Palm oil: it’s in all your junk food. Do you really need it?

On the palm oil trail...

On the palm oil trail…

When the subject of palm oil is debated, sustainability is always at the center of the discussion. We focus on sustainability — growing more palm oil while minimizing damage to the environment and maximizing returns for local communities and smallholder farmers. The working assumption is that we need ever increasing quantities of palm oil to meet growing demand. Rarely do we ask what drives the demand and whether all palm oil consumption is necessary or good.

Palm oil is used in a wide array of processed foods (and cosmetics). It’s estimated that half of all products in U.S. supermarkets contain palm oil. And as more people around the world turn to processed foods, the demand for palm oil skyrockets. But diets high in processed foods are linked to obesity, diabetes and a host of costly health problems. Does the planet really need to consume more processed foods? Can we slow down the ever-increasing demand for palm oil by reducing our consumption of processed and junk foods?

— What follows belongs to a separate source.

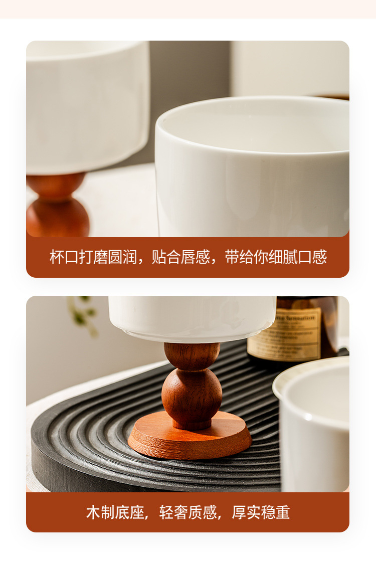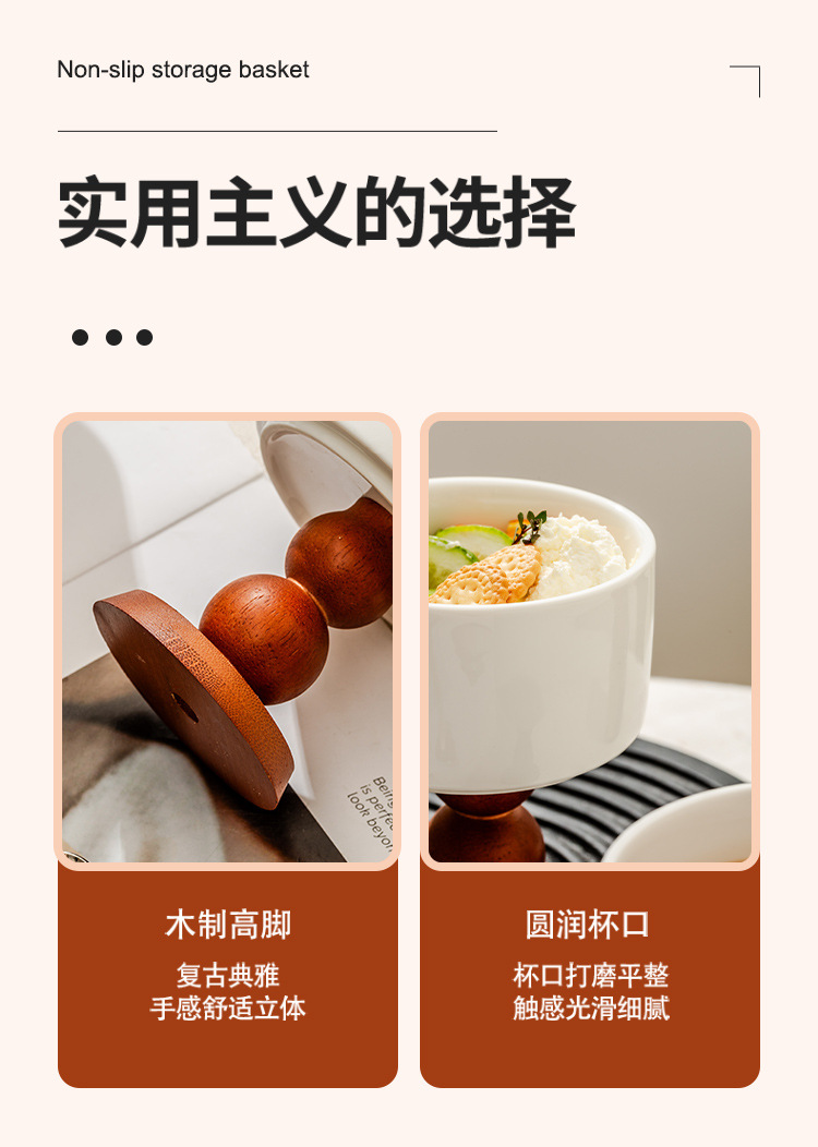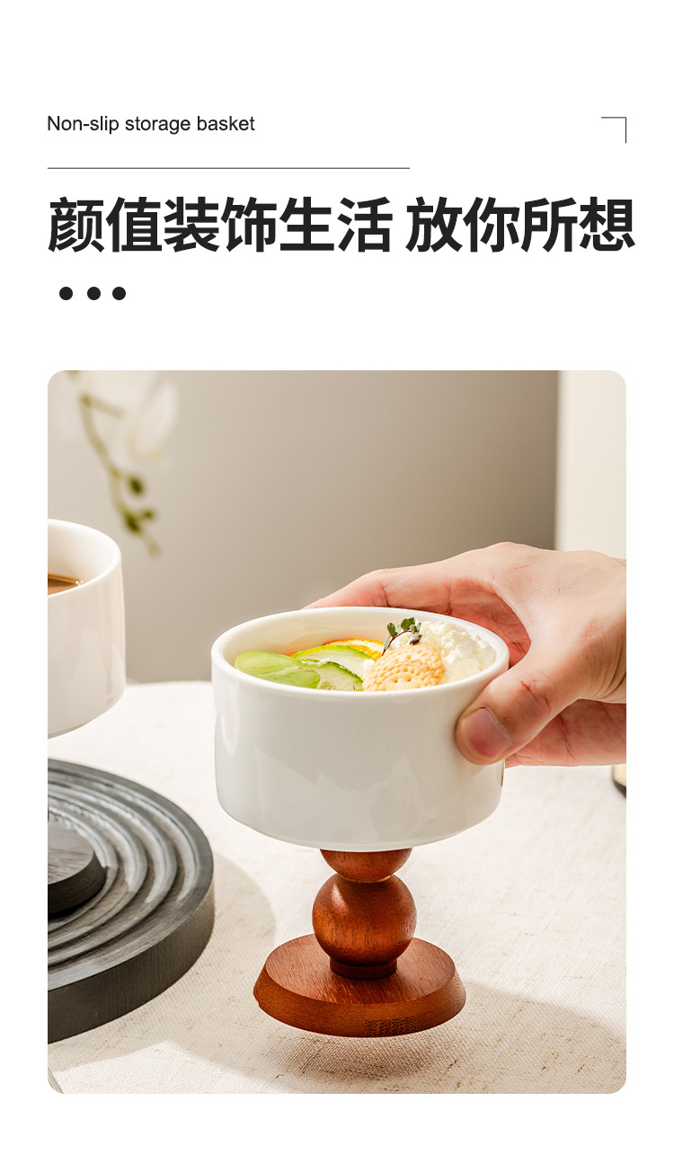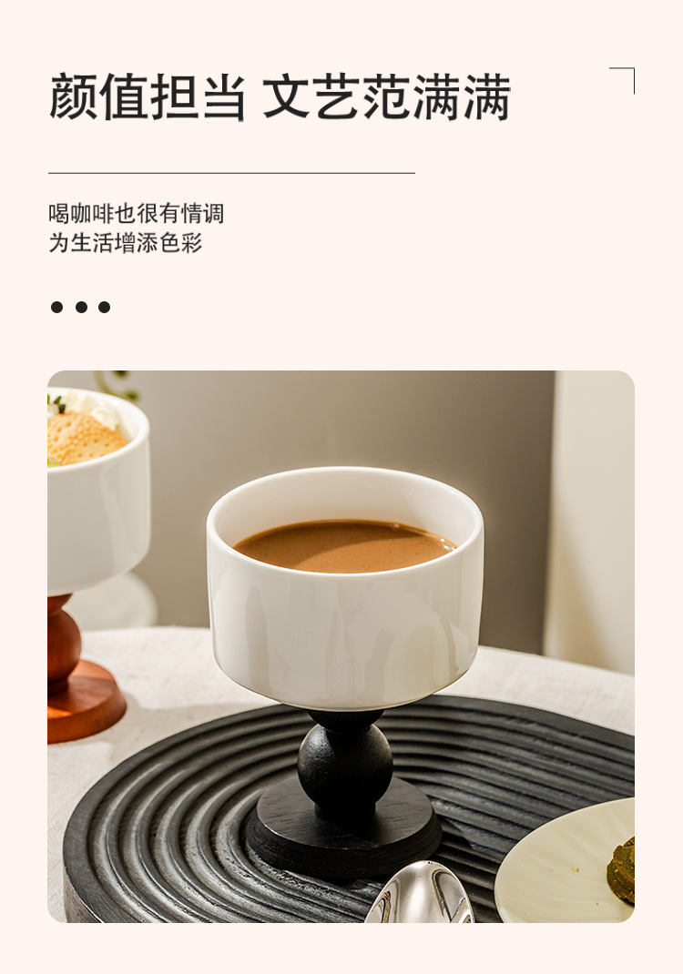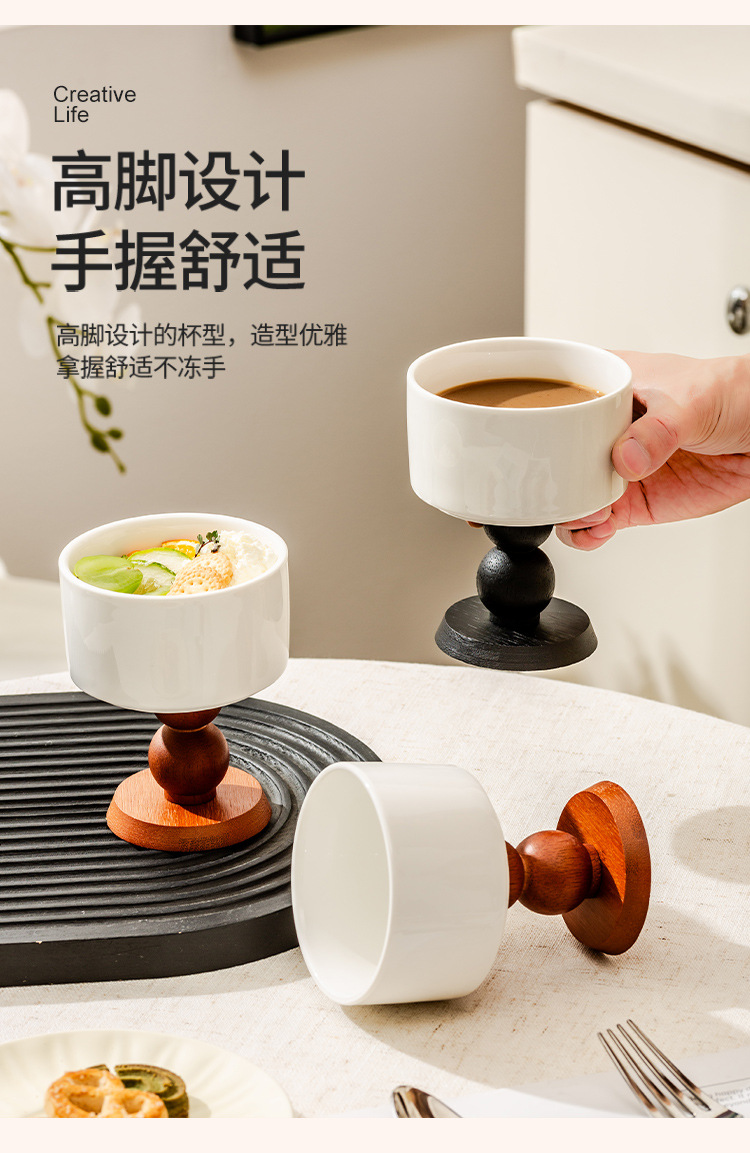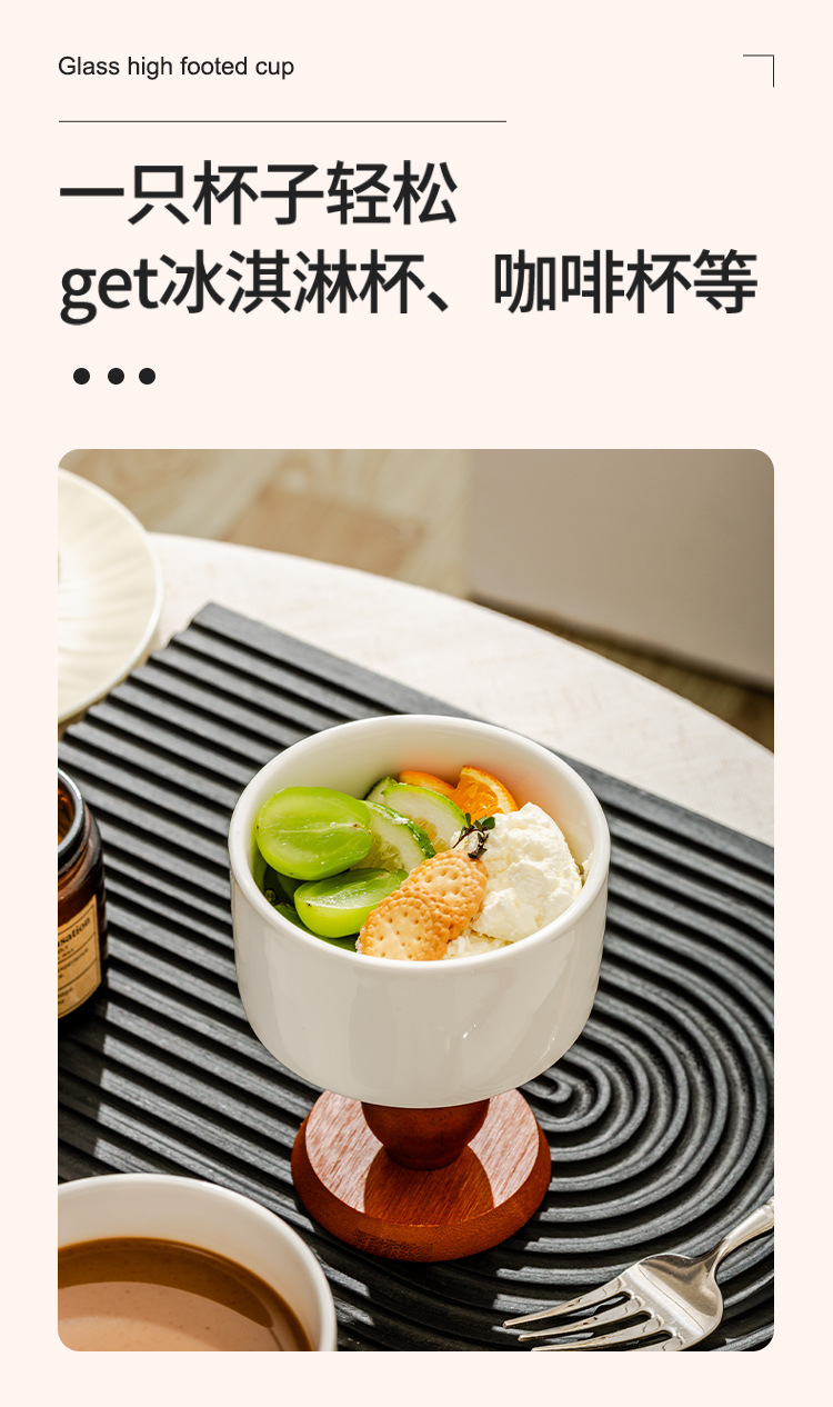 Cangkir Kaki Keramik Retro Cangkir Es Krim Gaya Prancis Mangkuk Makanan Penutup Puding Ins Tempat Lilin Cangkir Kaki Kayu Rumah Tangga

It would be great if these questions were part of the palm oil debate. Smallholder farmers across the Congo Basin do need to grow and mill palm oil more efficiently to meet local demand and eliminate the need imports. But does that mean that millions of hectares of new plantations are needed?

The Rainforest Foundation in the U.K. has been pushing British producers of processed foods to use less palm oil in their products. “UK biscuit manufacturers and retailers are showing that it is possible to outright reduce the use of palm oil, which is going to have to occur globally if large areas of Africa’s rainforests are to be saved from conversion to palm plantations,” said Simon Counsell, Executive Director of the Rainforest Foundation (U.K.).

This is an important step — next step is for consumers to reduce their own consumption of processed foods.

Read more: Penguins support gorillas as biscuit makers respond to palm oil threat

What is the price of palm oil? from Rainforest Action Network has information on palm oil in U.S. snack foods:

Palm oil and its derivatives are used in a remarkable array of products, such as ice cream, cookies, crackers, chocolate products, cereals, breakfast bars, cake mixes, doughnuts, potato chips, instant noodles, frozen sweets and meals, baby formula, margarine, and dry and canned soups.  Palm oil is also the most widely used frying oil in the world and is commonly used in the American fast food industry for products such as French fries.

The palm oil industry has grown dramatically over the past few decades and palm oil now accounts for a quarter of global vegetable oil consumption and nearly 60% of the global trade in vegetable oils. In the U.S. alone, palm oil imports have jumped 485% in the last decade.